2. Asymmetry
不均斉
fukinsei
不均斉
fukinsei
Xia Gui (1195-1224). Untitled album leaf. |
Both Chinese landscape painting and Japanese gardens avoid
symmetrical organisation in a composition, it is one of the major differences
between the approach to representation between Western and East Asian art. Symmetry
in Asian art is seen as evoking a balance of elements in which there is no
possibility of flow or movement of ch’i, 気 (ki
in Japanese). Ch’i in this sense
refers to vital energy as an essence of all life, a primordial force that
powers the universe, it is generated by the interaction of the opposing, yet
mutually dependent, qualities of yin 陰 and yang 陽 (Jp. in/yo). In Eastern thought because the one contains the seed of the
other, yin is constantly moving
towards yang; the one gives birth to
the other in a constant state of transformation. The duality is only apparent,
as the two qualities are in fact indivisible from each other. Hence the notion
of a stable balance of two forces leads in the Eastern view to a state of
stagnation, or a moribund state that is essentially ‘lifeless’.
It takes
just a cursory glance at a Chinese landscape painting to grasp that the organisation of a composition is asymmetrical, and likewise a glimpse of a
Japanese garden shows that here too there is no concern to construct a
composition using symmetry. The Japanese garden is an attempt to present Nature
as an essence, and if one looks at natural scenery it is also immediately
obvious that symmetry is not directly expressed in Nature.
Asymmetry is not the same as a random assemblage of
elements, in both Chinese painting and the Japanese garden there is order,
carefully contrived yet to a certain extent hidden from view. It is quite
common in the practice of creating a garden in Japan for the garden creator to
strive to ‘hid the hand of man’. That is to cloak the composition in a veneer
of ‘naturalness’, whist yet remaining
very much a work of man’s hand. The garden just as much as is a painting, is a
work conceived and executed by an artist. His or her experience of Nature is
filtered through their creative sensibility so finding individual expression
through the medium of a traditional cultural form.

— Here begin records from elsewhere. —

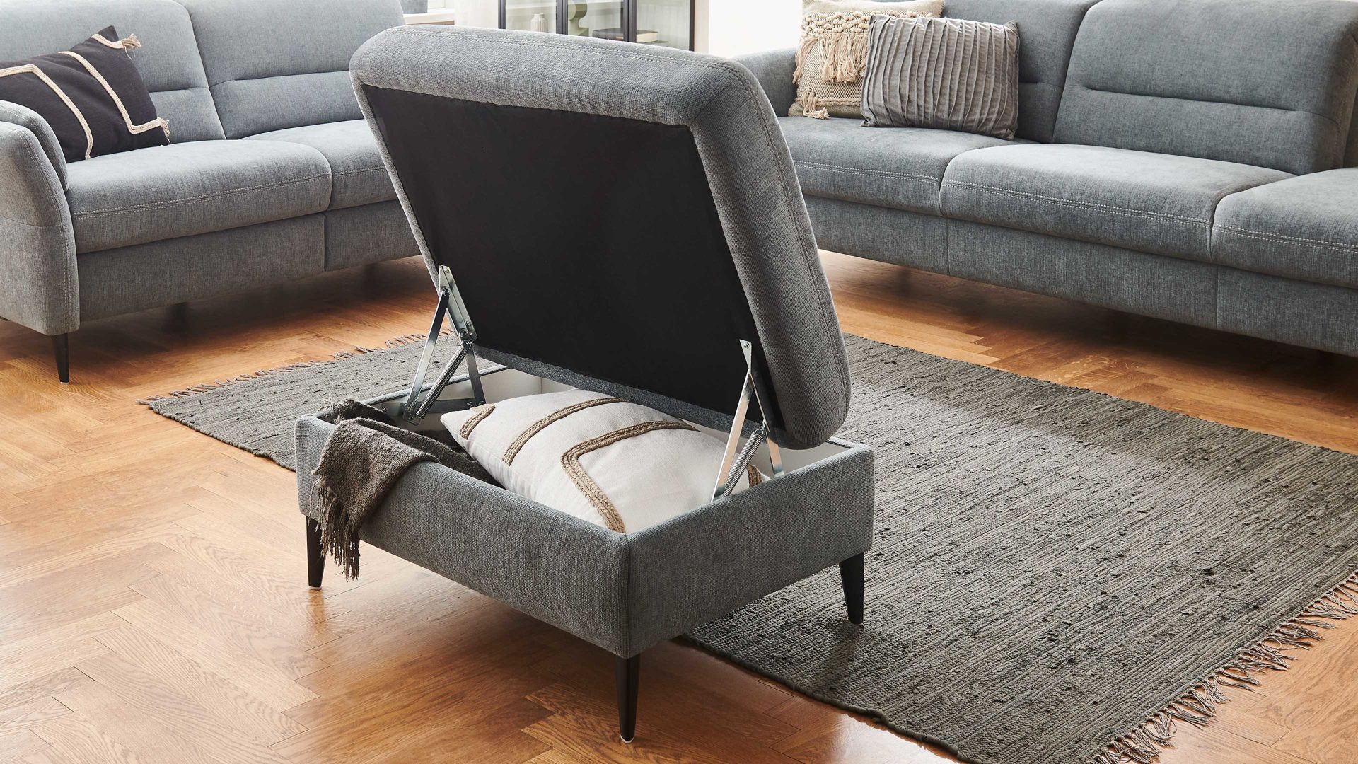 stahlfarbener Stoffbezug mit beiger Kontrast-Doppelsteppnaht
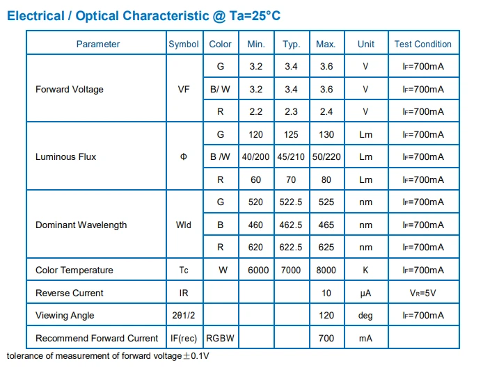 波长:R: 620-630NM / G: 520-530NM / B:455-460NM / W: 6000-8000K
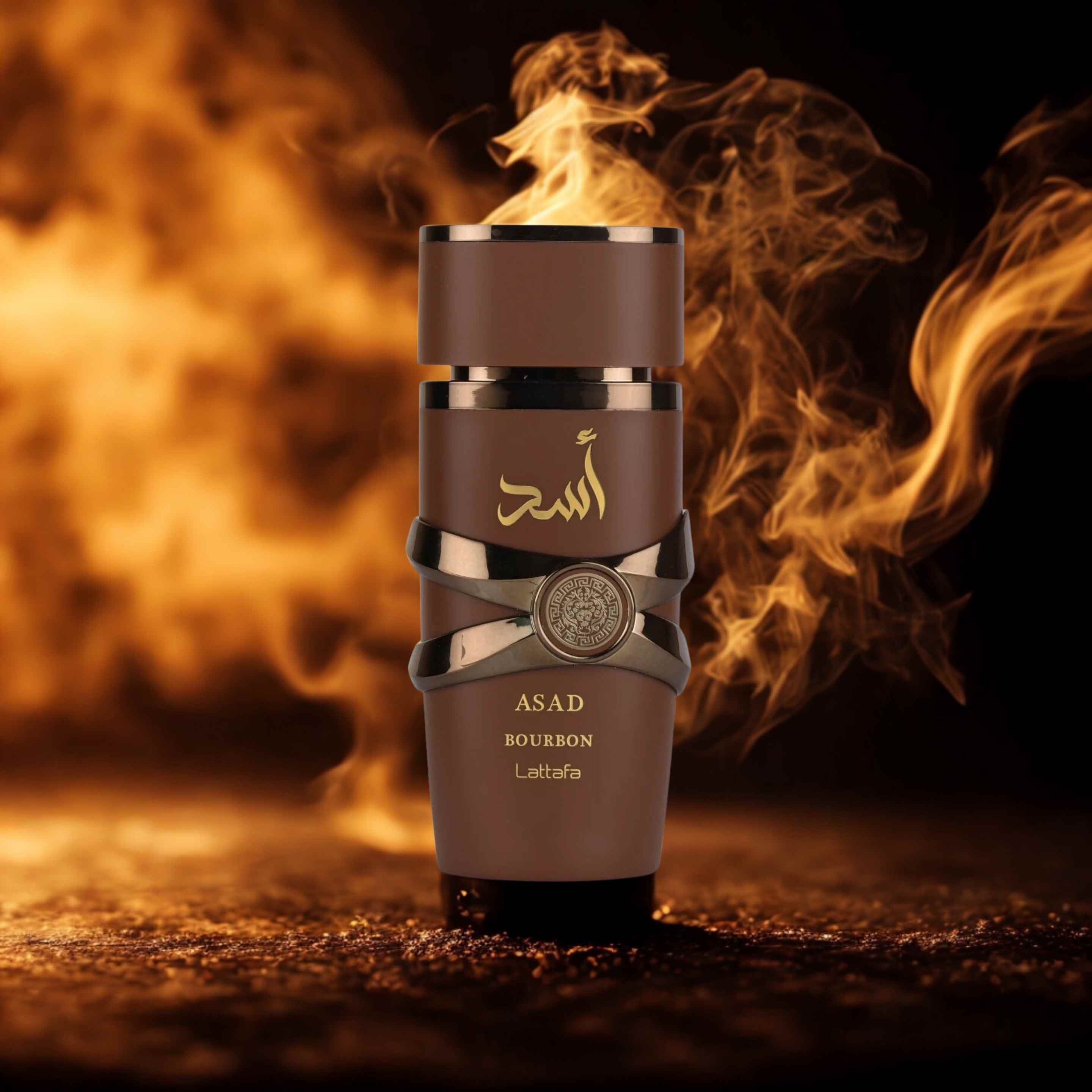 LATTAFA ASAD BOURBON Eau de Parfum spray er en unisex duft som kombinerer eleganse med sofistikasjon. Den åpner med livlige toppnoter av pink pepper, beroligende lavendel og saftig mirabelle plomme, som setter en innbydende og dynamisk tone. Hjertet avslører en varm, intrigerende blanding av muskat, davana og rik kakao, som tilfører dybde og tiltrekning. Basenotene av vetiver, bourbon vanilje og amber gir en luksuriøs og langvarig finish. Denne allsidige duften er perfekt for de som søker en balanse mellom boldhet og raffinement, og er ideell for enhver anledning.
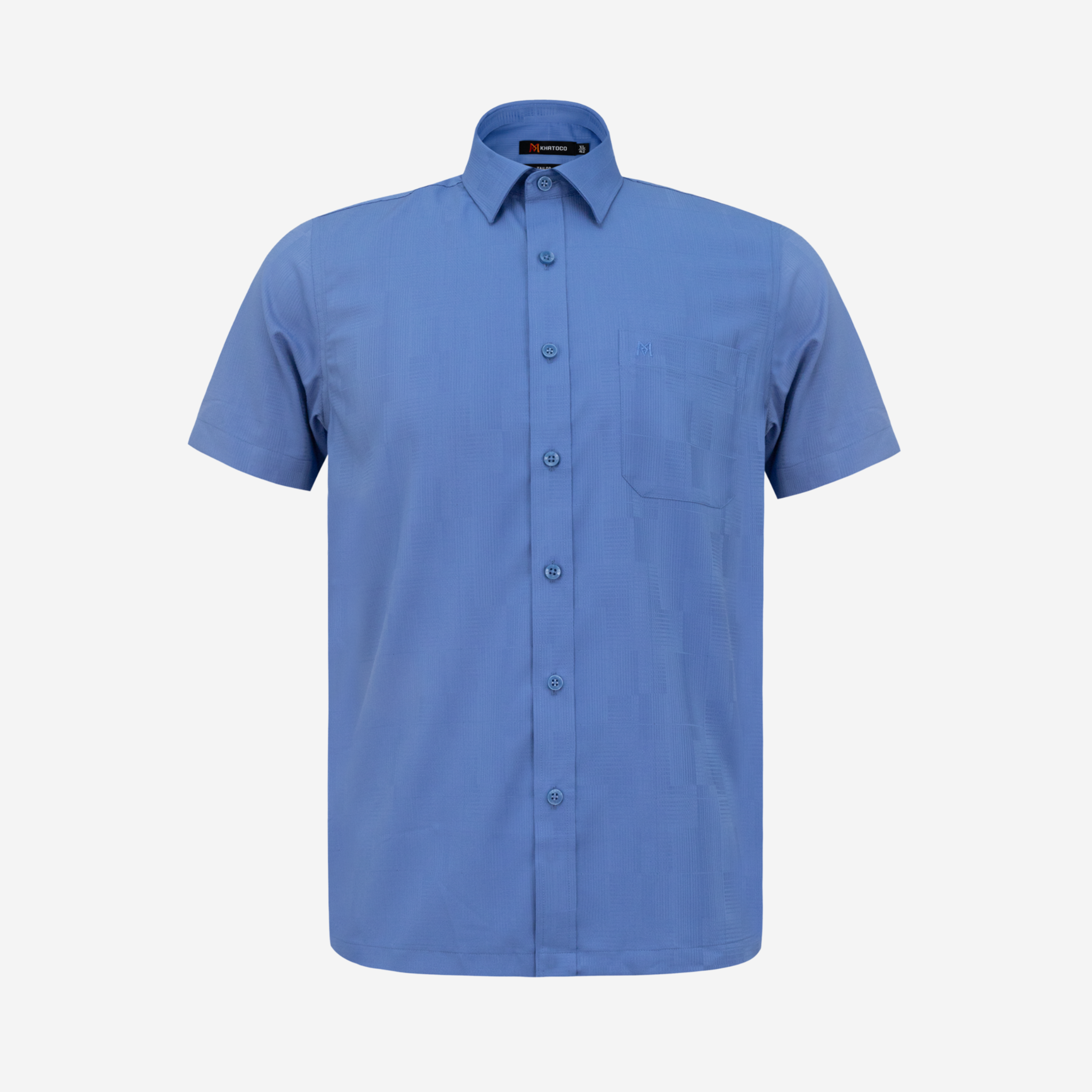 Áo sơ mi nam tay ngắn lai ngang – Khatoco - Mã hàng: A1MN538T2 - Chất liệu: 75% Polyester + 22% Viscose (Bamboo) + 3% Spandex → Vải mềm mại, thoáng mát, co giãn nhẹ,
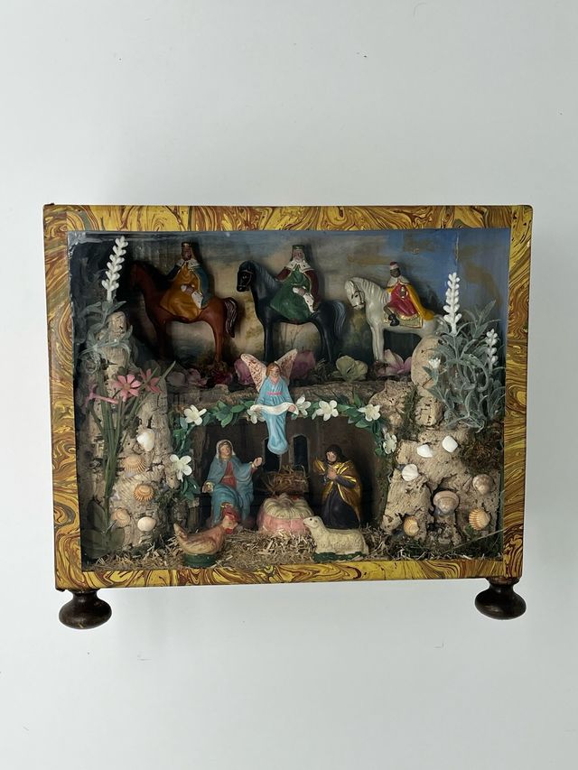 Detalles del productoEscena de belén artesanal, ideal para coleccionistas o para decorar en Navidad. Representa la natividad con figuras detalladas.
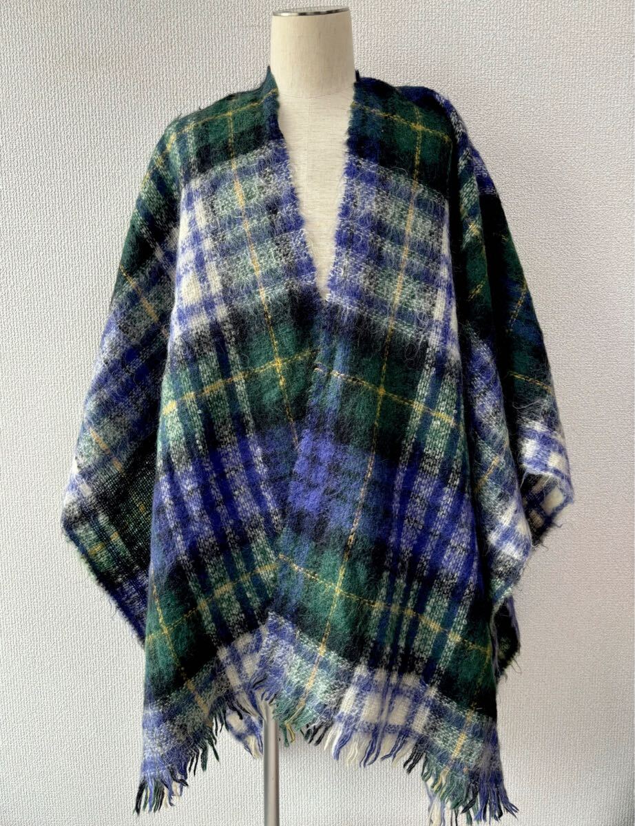 - イギリス製 ビンテージ チェック ウール ブランケット ポンチョ 英国
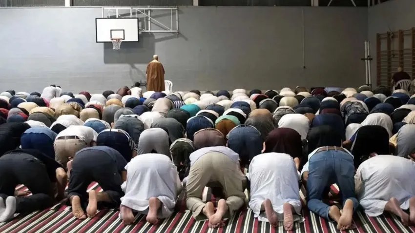 Musulmanes celebran la fiesta del sacrificio del cordero en una cancha de baloncesto
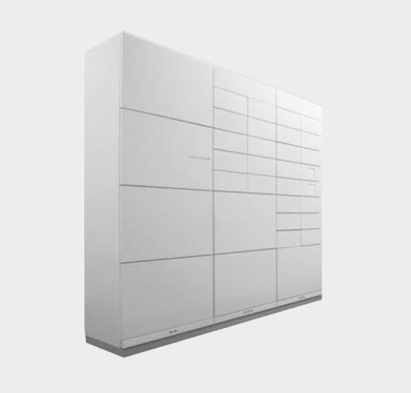 - 不在時でも荷物を受け取れる宅配ロッカーを設置。住戸内のインターホンやオートロック操作盤での着荷表示機能、非接触キーとの連動など、様々な機能を装備。

Asymmetry allows a greater degree of involvement by the
viewer as the sight lines and perspectival framework is not rigidly imposed.
The eye of the viewer has a freedom to move as it wishes, finding areas of
interest as it travels around the scenery being presented. In a Chinese
painting it is an immersive journey that the viewer makes in allowing his eyes
to travel about the picture plane. This is also true in the garden context,
where the viewer will deconstruct the garden before him, and then reconstruct
the garden as an interiorised experience. Symmetry and the Western sense of
perspective tend to exclude the viewer, setting the viewer outside of the
composition as someone who looks in from the ‘outside’. The contrary is true in
a landscape painting or Japanese garden where the viewer is central to the
whole process of perception and recognition. In both paintings and gardens the
intention is to take the viewer beyond the apparent reality of the scene being
presented in front of him. To search for and find an essence that draws the
viewer and viewed into a harmonious entity, where there is no longer a duality
of perception. In this sense the painting or garden creates the viewer, as much
as the viewer creates the painting or garden.
“One should not take outward beauty for reality. He who does
not understand this mystery will not obtain the truth.”
Ching Hao, Sung dynasty painter 10th C
In further blog posts in this series I will be looking at
triadic composition and the techniques of perspective used by the painters, and
find correspondences in the Japanese garden tradition.